During pregnancy, a woman’s hormonal changes make her more prone to periodontitis, or advanced gum disease. Periodontitis is a severe infection and inflammation of the gums, causing the bones and tissues that surround the teeth to degenerate. If untreated, periodontitis can lead to tooth loss. Research has also shown that if a woman has periodontitis during her pregnancy, she is up to seven times more likely to deliver her baby prematurely or have a baby with a low birth weight.
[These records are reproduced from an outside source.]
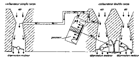 Deux carburateurs. Le premier, à simple corps, s'ouvre en fonction de la pression sur la pédale d'accélérateur. Lui seul fonctionne quand on conduit "pied léger". Le second, à double corps, s'ouvre en cas de forte pression sur l'accélérateur. Il se produit alors une importante dépression dans le 1er carburateur. Cette dépression agit sur une membrane qui commande le 2e carburateur.
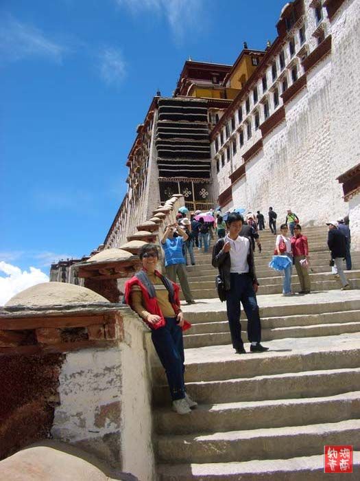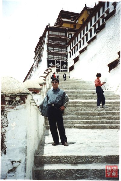 我们首先凭着一张进宫的通行证从侧门进入到布达拉宫的大院内,然后在高大雄伟的布达拉宫下的一幢小屋里进入第二道门,并接受了安全检查。经过第二道门后,我们开始沿着布达拉宫宫墙下长长的坡道向上攀登。这里仍可以拍照。我们当然不会放过这样的好机会。一路上我们拍了不少仰视布达拉宫的近景照片和布达拉宫下面拉萨市的广场、街道的照片。走完斜坡,我们进入第三道门, 在这里集体购了票(每票100元)。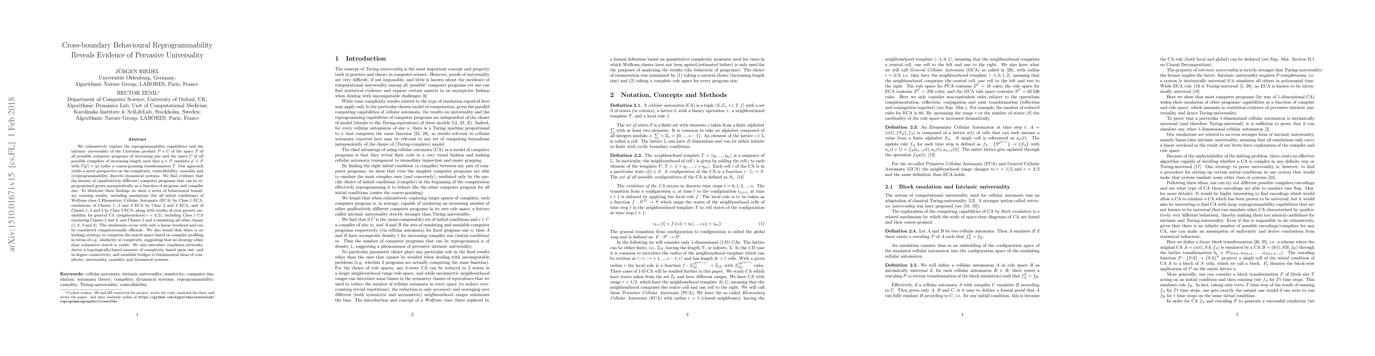 We exhaustively explore the reprogrammability capabilities and the intrinsic universality of the Cartesian product $P \times C$ of the space $P$ of all possible computer programs of increasing size and the space $C$ of all possible compilers of increasing length such that $p \in P$ emulates $p^\prime \in P$ with $T|p^\prime|=|p|$ under a coarse-graining transformation $T$. Our approach yields a novel perspective on the complexity, controllability, causality and (re)programmability discrete dynamical systems. We find evidence that the density of (qualitatively different) computer programs that can be reprogrammed grows asymptotically as a function of program and compiler size. To illustrate these findings we show a series of behavioural boundary crossing results, including emulations (for all initial conditions) of Wolfram class 2 Elementary Cellular Automata (ECA) by Class 1 ECA, emulations of Classes 1, 2 and 3 ECA by Class 2 and 3 ECA, and of Classes 1, 2 and 3 by Class 3 ECA, along with results of even greater emulability for general CA (neighbourhood $r=3/2$), including Class 1 CA emulating Classes 2 and 3, and Classes 3 and 4 emulating all other classes (1, 2, 3 and 4). The emulations occur with only a linear overhead and can be considered computationally efficient. We also found that there is no hacking strategy to compress the search space based on compiler profiling in terms of e.g. similarity or complexity, suggesting that no strategy other than exhaustive search is viable. We also introduce emulation networks, derive a topologically-based measure of complexity based upon out- and in-degree connectivity, and establish bridges to fundamental ideas of complexity, universality, causality and dynamical systems.

The main cause of periodontitis is the bacteria found in plaque, which create toxins that inflame the gums and cause redness, bleeding, and swelling. This inflammation destroys the gums and causes them to separate from the teeth. Multiple factors may contribute to the development of this infection, including poor oral hygiene (not brushing or flossing properly), smoking, poor nutrition, stress, and systemic diseases, such as diabetes.Brushing the teeth twice a day and flossing daily are critical to removing disease-causing plaque from the teeth and maintaining healthy gums. In addition, it is crucial that women visit the dentist on a regular basis – at least every six months – as they prepare for pregnancy and after they become pregnant. These measures will help ensure optimal health for both mothers and babies.
How young is too young to worry about dental hygiene? Never! Dental disease, including untreated cavities, is the most common chronic and infectious disease affecting children in the United States, five times more common than asthma. Good oral health is essential to overall well-being across the span of a person’s life. The American Academy of Pediatrics (AAP) and the American Academy of Pediatric Dentistry (AAPD) both recommend that all children should see a dentist by age one or six months after the eruption of the first tooth.
Never put babies to bed with a bottle or sipper cup with anything other than water in it, in order to decrease the amount of time that sugary carbohydrates are touching the teeth.
Use a washcloth or gauze to clean babies’ gums before they have teeth, and when teeth erupt, brush their teeth in the morning and right before bedtime with fluoride toothpaste.
Check thoroughly for white spots on their teeth, which are early signs of tooth decay and an indication that child needs to see a dentist. Don't be afraid t move the lips and the tongue, a little discomfort for your baby is better than expensive and painful dental visits later.
Molar crevices are difficult to clean because they are too narrow for toothbrush bristles and too deep for the normal flow of saliva to reach. Without protection, these back teeth are especially prone to cavities. However, sealants protect the teeth by sealing out decay.
A sealant is a plastic material applied to chewing surfaces and acts as a barrier that protects enamel from plaque and acids. These coatings make it difficult for plaque to adhere to the grooves of these teeth, reducing the risk of developing cavities. Sealants are painted onto the tooth where it hardens to protect against decay. The plastic seals hold up very well under the normal force of chewing and usually last several years before another application is needed. Children and adults can benefit from having this protective coating applied to their teeth. Sealants are most effective in children who have newly developed molars. Most children develop their molars at ages six and 12. Dentists should evaluate children's teeth at their regular dental visits to see if they can be sealed. Once placed, sealants last for several years.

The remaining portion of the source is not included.